Building and maintaining a team is hard. Most of the folks who worked on this project were international, so all communication was done asynchronously on discord. Somehow we got away with less than 10 voice calls throughout the entire project. Which was great because my time on this project was all on nights and weekends - so this was another reason I kept the team small and took on all development responsibilities - minimize management.

One piece of advice I will give folks is use fiverr for voice acting. It made it easy to find everything I needed for my game.

Unreal Marketplace

This project was built 99% in blueprints - only the AI movement component was built in c++ (performance reasons). Using blueprints is just too easy, and honestly, I only have a basic understanding of c++ so I could not have been able to achieve the scope of this project with it alone. One of the great things about using Blueprints is access to a host of premade packages on the Unreal Marketplace. If I had an idea for a feature, I would just search there, and more often than not, there was a blueprint for sale that at least set me in the right direction and helped my learning greatly by seeing all of the various ways they were built and integrating it into my own project and building on top of it. Some folks may look down on this, but I do not care - Time is your most valuable asset. Anytime you can spend 20$ to save yourself a week of development, that is a WIN my friend. The unreal marketplace is how I was able to complete this project with such a small team.

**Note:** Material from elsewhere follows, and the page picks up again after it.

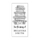 This custom book stamp features a hand-drawn illustration of a tall stack of books. Below reads "from the library of" in modern script lettering. Your name is printed below in serif capitals. A great gift for book lovers, teachers, and librarians. Browse our store for more personalised bookplate book stamps.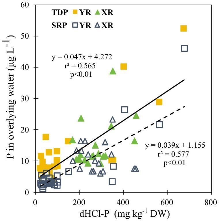 图3. dHCl-P与上覆水中总溶解磷(TDP)和溶解活性磷(SRP)的关系(以峡山水库和渔洞水库为例).

All visual assets you see in the game are bought from the marketplace, and again, I know folks have mixed opinions on this, but again, don't listen to them. You will save time and you get exactly what you see - no finding the right artist or modeler and getting varying results in quality. I would say less than 2% of reviews mention anything about the assets, and remember, Game developers are not your target audience. This group is the only one who will know you have purchased assets, unless its like the most popular assets like Synty. Pay the money for the high quality assets on the marketplace, its worth it.

Closing Thoughts

If you made it this far in my rambling you are truly a madman. Maybe you're like me and just refuse to give up, because that is what it takes to finish something like this. The parts where you're learning or programming new features from scratch with knowledge you gain throughout the cycle is absolutely exhilarating, but its not always like this. There are times where it is an absolute slog. Inconsistent edge case bugs, UI, UX, VO coordination, localization - all those things that put the final piece in place to make a game, a game.

Motivation can be killed by these things, because we all just want to be working on the cool stuff, but its important to get all the in between in too. One thing that really helped me stay with it is not doing ANY other projects. I know some folks like to take breaks with pet projects, but I stayed consistent. All energy went into this. Sometimes you have to force yourself just to do ONE thing a day. Fix a bug, reprioritize your backlog, tidy up some UI, something - anything to push it one step closer to the finish line.

So, what's next for me? Depending on the success of the 1.0 launch, I may also explore another title in the Dungeons of Edera universe, but next time. I will ensure I prioritize my scope ruthlessly, three years is a long time to be on a single project. So for now, I've already got another project in the works on something entirely different. Something small and I will force it to stay small. I am wanting to release it in six months, so I naively think.